After decades of isolation, Myanmar gears up to host the region’s most important sporting event

By SAW YAN NAING / NAYPYITAW

In a new 30,000-seat football stadium here in Naypyitaw, Myanmar athletes warm up and begin exercising in the early morning hours, to prepare for the upcoming 27th Southeast Asian Games.

The athletes have been busy training every day to get ready for the biennial regional sports competition scheduled in December. This year’s SEA Games will be the first to be hosted by Myanmar in four decades.

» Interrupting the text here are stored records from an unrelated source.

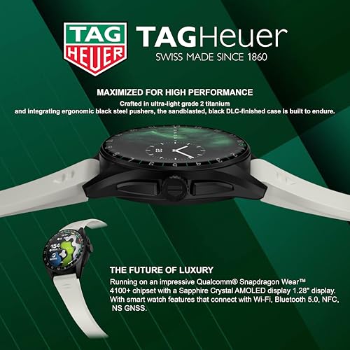TAG Heuer Smart Watch, Fitness Watch, Connected Calibre E4 42 mm Golf Edition, Touch Screen, Waterproof, Calls, SMS, Steps, Heart Rate, Wellness, Titanium, White Or Black/Green Straps, SBR8080.EB0284 5
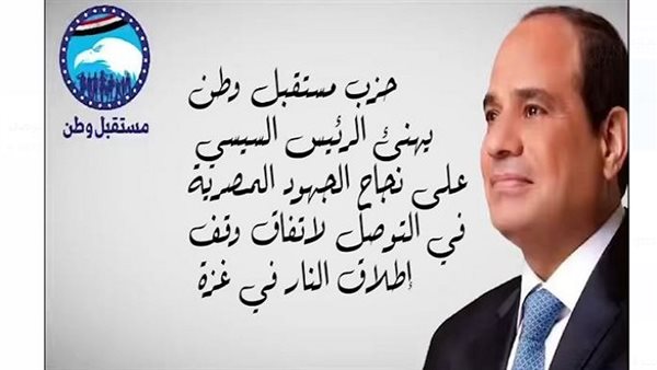 حزب مستقبل وطن يهنئ الرئيس السيسي على نجاح الجهود المصرية في التوصل لاتفاق وقف إطلاق النار في غزة
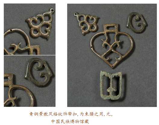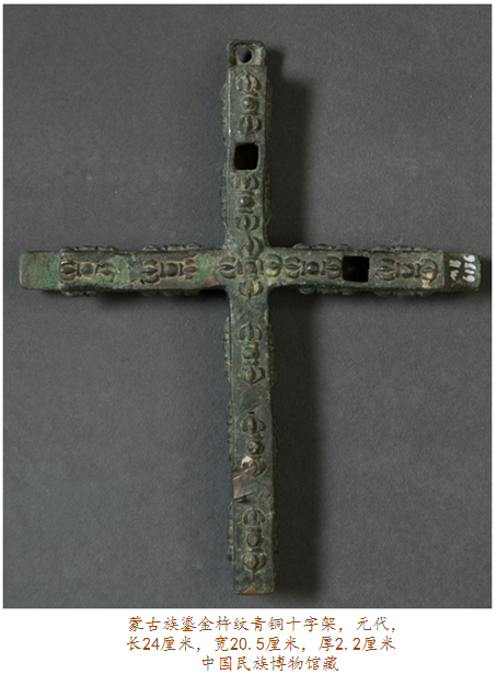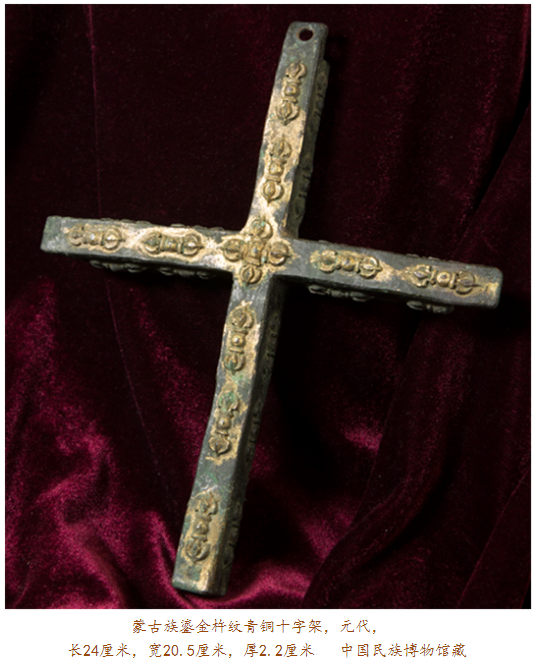 眼前此件在内蒙古达茂旗出土的元代鎏金青铜十字架,四面排列有浮雕金刚杵纹,其正面每个金刚杵图案上均有鎏金装饰,十字架上部穿孔则可用于悬挂。金刚杵是藏传佛教里的修行法器,象征力量与智慧;而十字架则是基督教文化的标志,如此混搭,历史便要传递出种种:在信仰藏传佛教的蒙古高原,金刚杵,象征无畏圆满,十字架,则代表救赎重生,东西方文化的结合亦呈现某种文明可能达到的无可比拟之高度。

At the Wanna Theikdi Stadium, Ma Kay Khine Lwin, a track and field athlete who will compete in the 100-, 200- and perhaps 400-meter races, cools down after her workout. “I want gold medals,” the 35-year-old says. “So I’m preparing to be the best. But the competition will be tough, as my competitors from Vietnam and Thailand are well-trained.”

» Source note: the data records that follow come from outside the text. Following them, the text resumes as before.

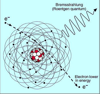 Electromagnetic radiationRadiation from synchro systems and magnetic waves travelling... generated when electrically charged particles are accelerated or decelerated. The spectrum of emitted radiationEnergy dispersion through matter or space. In atomic physics... reaches from a maximum energyAbility to do work or diffuse heat. The unit of energy is th... given by the kinetic energyAbility to do work or diffuse heat. The unit of energy is th... of the generating particle down to zero energyAbility to do work or diffuse heat. The unit of energy is th.... Bremsstrahlung only becomes easily noticeable when the energyAbility to do work or diffuse heat. The unit of energy is th... of the particle is very high compared to its self-energy. This is mostly only valid for electrons (rest-energy of the electronElementary particle with a negative electrical elementary ch...: 511 keVKiloelectron volt; 1 keV = 1,000 eV; See 'Electron volt'.).
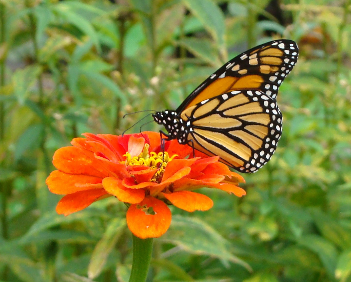 The monarch migration is amazing in so many ways. What really stuns me is not only their internal navigation abilities, but the simple fact that they fly so far. To think of that butterfly travelling thousands of miles in its “flutter-bye” flight pattern. Truly amazing. I say this one is embarking upon its migration, but it is most likely that it is passing through, already in route from further north. I suppose it was glad of my lingering zinnias. And yes, we plan to plant milkweed next year here in this garden. On a property in the country we allow the side-ditches to grow weedy through much of the summer, allowing the monarchs to have their chance with the milkweed.
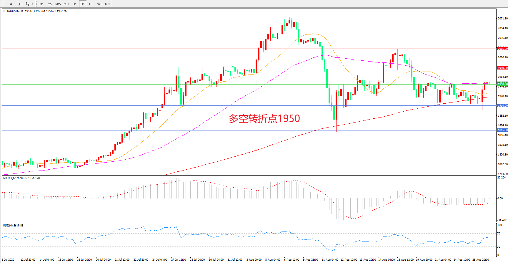 现货黄金XAU/USD    4小时图
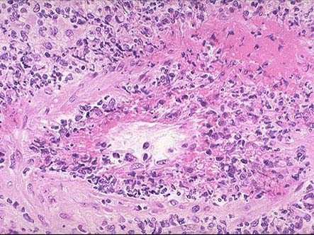 [单选题]韦格氏肉芽肿患者病变部位镜下可出现如图所示改变,下列关于该病说法错误的是()A.30~50岁多见,男性略多B.在动脉壁、动脉周围或血管外部区域出现肉芽
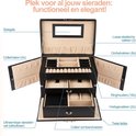 Prachtige sieradendoos van hoge kwaliteit. Er past veel in en ben er enorm blij mee. Zeker ook leuk dat er een handig reisdoosje in zit. Kun je altijd sieraden meenemen waar je ook naartoe gaat
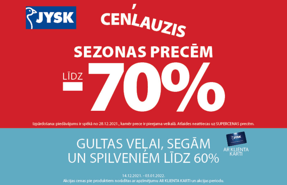 Ar JYSK klienta gultas veļai, segām un spilveniem līdz 60%, bet sezonas precēm līdz 70%
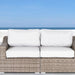 • Durable Construction: Built with a powder-coated aluminum frame and wrapped in woven wicker, this loveseat is designed for durability and style, providing coastal vibes suitable for any porch or patio setting.

But being the host country will have advantages, she adds. “We have a better chance than our competitors to win,” she says. “It is our home and our people will cheer for us.”

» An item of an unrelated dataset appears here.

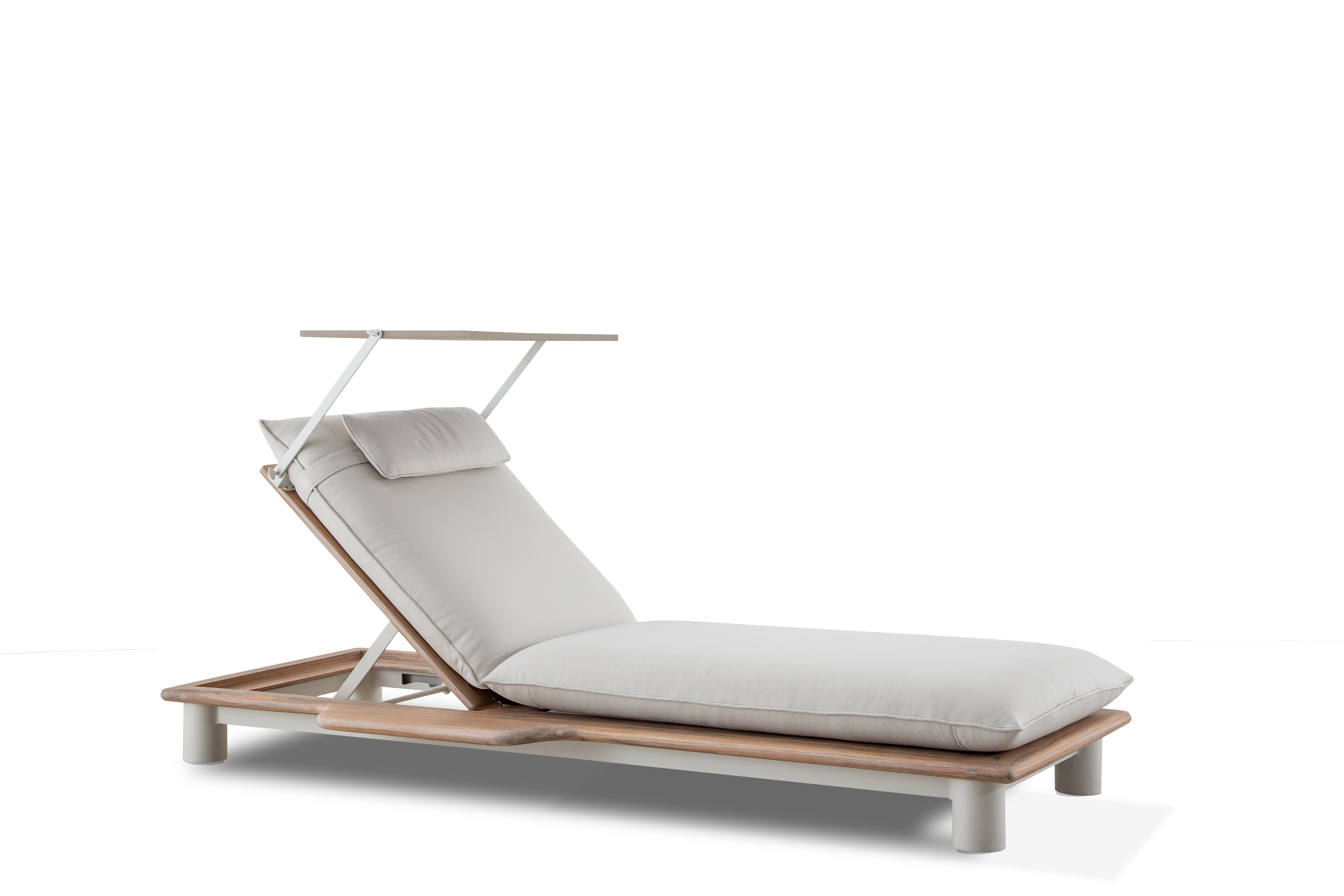 A espreguiçadeira Viseira, pensada para aliar funcionalidade e estética agradável, vem equipada com um sombreiro para proteção solar, um diferencial criativo da Green House.
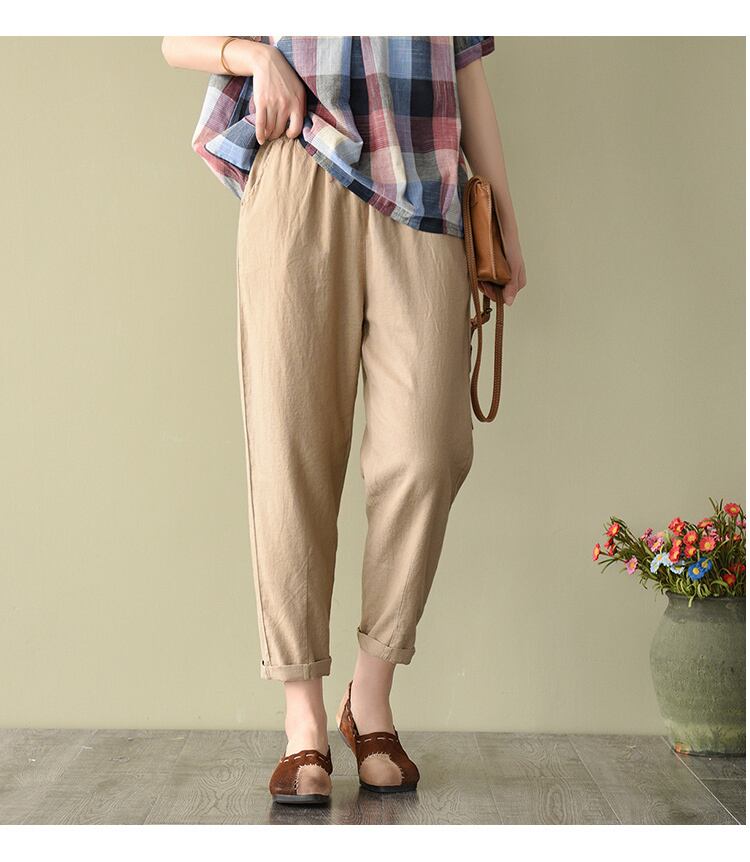 2020年新夏新作レトロリテラリーコットン&リネンレディースパンツ無地薄足パンツワイルドハーレムパンツカジュアルパンツ サマー 夏物 ソリッドカラー TB2-11 TB2-1190792438134

Ma Kay Khine Lwin has won several medals, including gold, in past SEA Games in Vietnam, the Philippines, Thailand, Laos and Indonesia. But she says she worries about the prospects for Myanmar competitors as they lack access to experienced and knowledgeable trainers, who can guide them to success in regional competitions.

Myanmar previously hosted the

SEA Games in 1961 and 1969, both times in Yangon, which was then the country’s capital. The last event was organized seven years after a military coup ushered in a decades-long dictatorship under Gen Ne Win and his successors.

Myanmar subsequently skipped its turn to host the SEA Games several times due to its international isolation during military rule. With the start of reforms in the past two years under President U Thein Sein’s nominally civilian government, however,

Myanmar has found international acceptance and is finally able to host the regional competition again.

The 27th Sea Games, which will start on Dec. 11, will feature 35 different sporting events. The opening and closing ceremonies, and most competitions, will be held in the capital Naypyitaw. A number of events, including wrestling, hockey, weightlifting and some football games, will be held in Yangon and Mandalay. Ngwe Saung Beach will host a sailing competition.

Naypyitaw was built—at great expense and with the help of crony construction companies—by the former military regime, which moved the seat of government there in 2005. The upcoming SEA Games have provided authorities with an opportunity to go on another building spree in the young capital.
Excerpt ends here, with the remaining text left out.